Instructions to follow:
From the line that contains "Egyik csatám, ami" through the line that contains "Wpro professionel triple", output every line of the listing below exactly and leave out all the rest.

Records supplied:

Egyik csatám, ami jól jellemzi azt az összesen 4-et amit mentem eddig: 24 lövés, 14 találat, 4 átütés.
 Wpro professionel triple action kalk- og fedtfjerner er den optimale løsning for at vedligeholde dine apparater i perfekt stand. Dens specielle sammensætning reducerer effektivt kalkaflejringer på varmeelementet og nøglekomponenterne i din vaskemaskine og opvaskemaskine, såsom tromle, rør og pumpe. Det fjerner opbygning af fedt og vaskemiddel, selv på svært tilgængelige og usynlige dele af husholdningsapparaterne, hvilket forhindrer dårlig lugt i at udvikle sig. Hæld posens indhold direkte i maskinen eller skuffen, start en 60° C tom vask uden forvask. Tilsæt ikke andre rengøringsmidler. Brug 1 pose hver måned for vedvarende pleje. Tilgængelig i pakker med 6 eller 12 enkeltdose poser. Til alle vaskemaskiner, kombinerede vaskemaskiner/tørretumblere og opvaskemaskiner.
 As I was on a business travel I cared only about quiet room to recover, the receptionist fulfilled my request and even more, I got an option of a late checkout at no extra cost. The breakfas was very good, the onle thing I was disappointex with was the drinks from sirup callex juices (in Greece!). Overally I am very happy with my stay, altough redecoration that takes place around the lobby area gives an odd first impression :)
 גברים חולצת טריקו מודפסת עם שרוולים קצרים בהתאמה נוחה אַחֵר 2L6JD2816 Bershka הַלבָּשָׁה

==

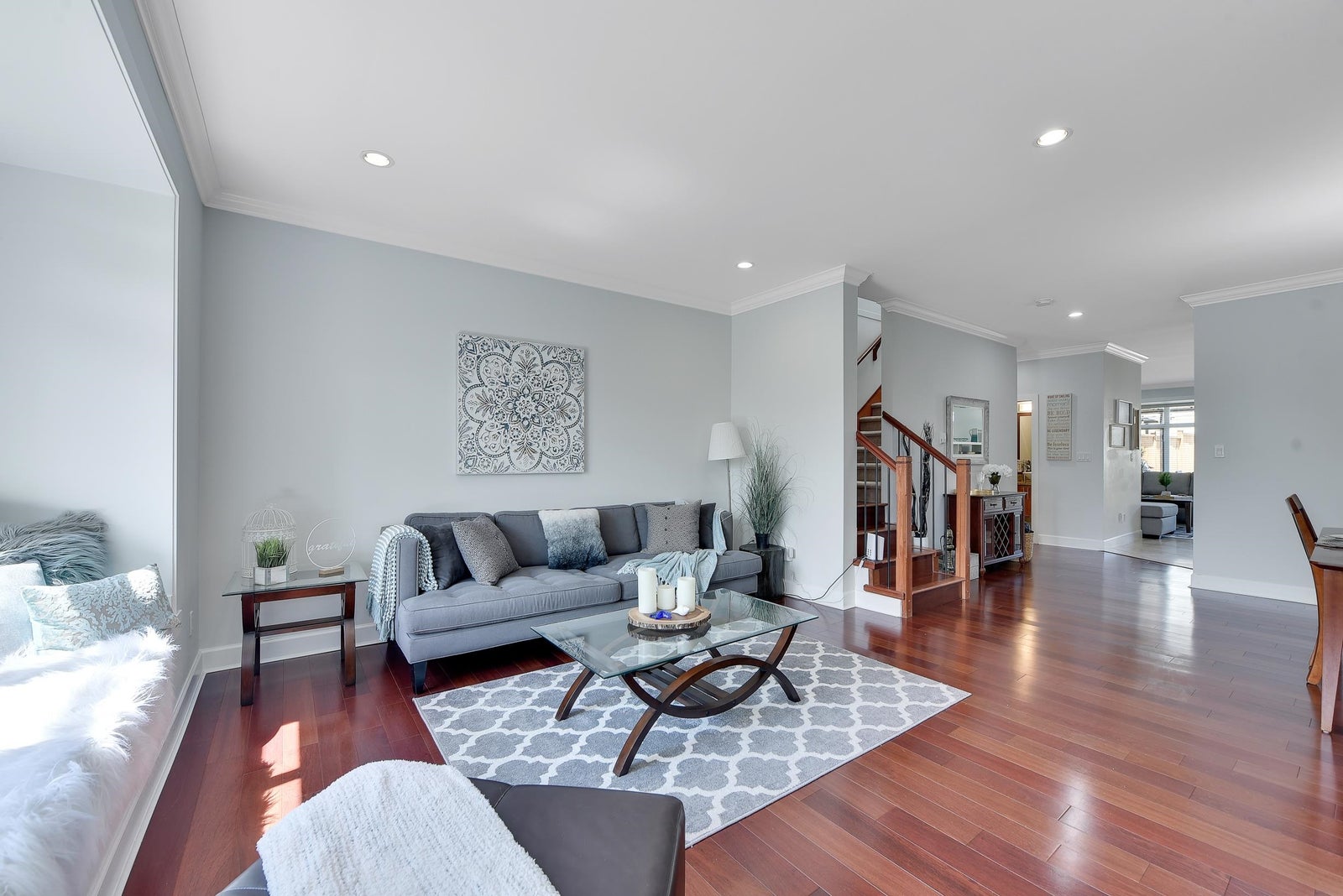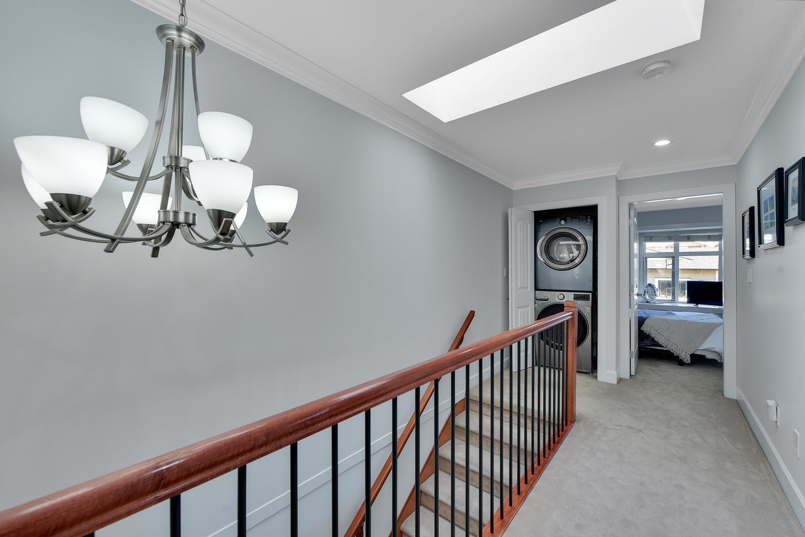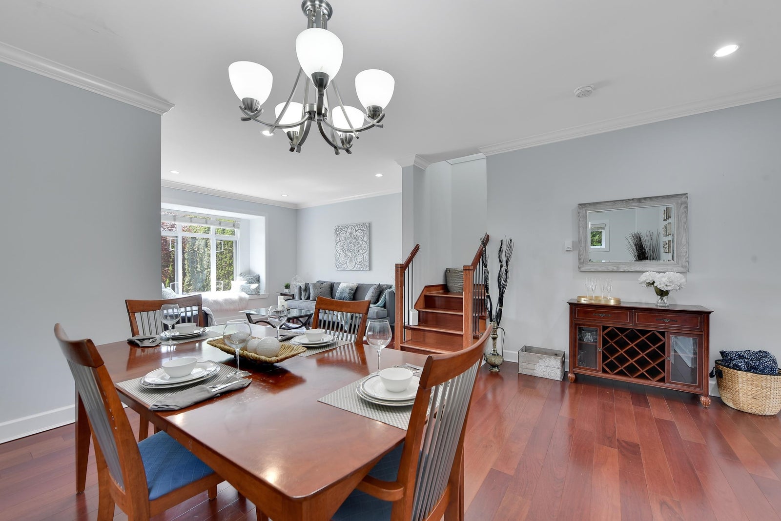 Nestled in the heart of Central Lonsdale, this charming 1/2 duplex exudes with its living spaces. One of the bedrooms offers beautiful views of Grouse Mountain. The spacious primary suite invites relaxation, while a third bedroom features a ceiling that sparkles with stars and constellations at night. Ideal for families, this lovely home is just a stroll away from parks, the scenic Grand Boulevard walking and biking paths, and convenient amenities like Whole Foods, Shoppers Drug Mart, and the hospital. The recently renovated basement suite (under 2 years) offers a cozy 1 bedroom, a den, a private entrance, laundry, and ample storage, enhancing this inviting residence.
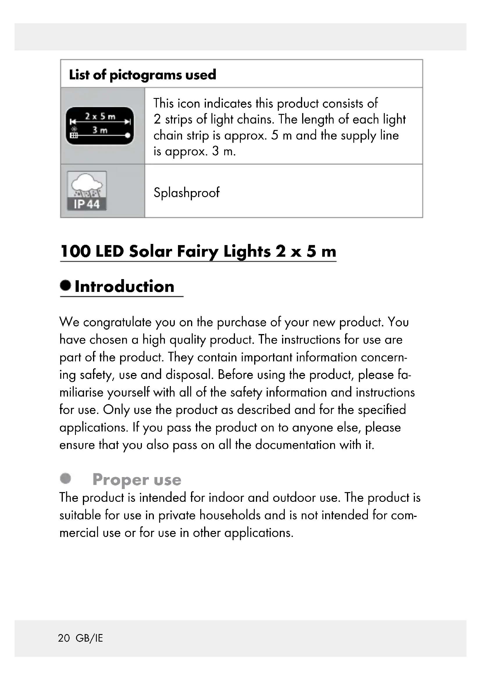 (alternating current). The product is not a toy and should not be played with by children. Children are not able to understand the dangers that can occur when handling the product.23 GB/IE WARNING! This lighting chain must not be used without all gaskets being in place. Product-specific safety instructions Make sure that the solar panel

The answer:
Egyik csatám, ami jól jellemzi azt az összesen 4-et amit mentem eddig: 24 lövés, 14 találat, 4 átütés.
 Wpro professionel triple action kalk- og fedtfjerner er den optimale løsning for at vedligeholde dine apparater i perfekt stand. Dens specielle sammensætning reducerer effektivt kalkaflejringer på varmeelementet og nøglekomponenterne i din vaskemaskine og opvaskemaskine, såsom tromle, rør og pumpe. Det fjerner opbygning af fedt og vaskemiddel, selv på svært tilgængelige og usynlige dele af husholdningsapparaterne, hvilket forhindrer dårlig lugt i at udvikle sig. Hæld posens indhold direkte i maskinen eller skuffen, start en 60° C tom vask uden forvask. Tilsæt ikke andre rengøringsmidler. Brug 1 pose hver måned for vedvarende pleje. Tilgængelig i pakker med 6 eller 12 enkeltdose poser. Til alle vaskemaskiner, kombinerede vaskemaskiner/tørretumblere og opvaskemaskiner.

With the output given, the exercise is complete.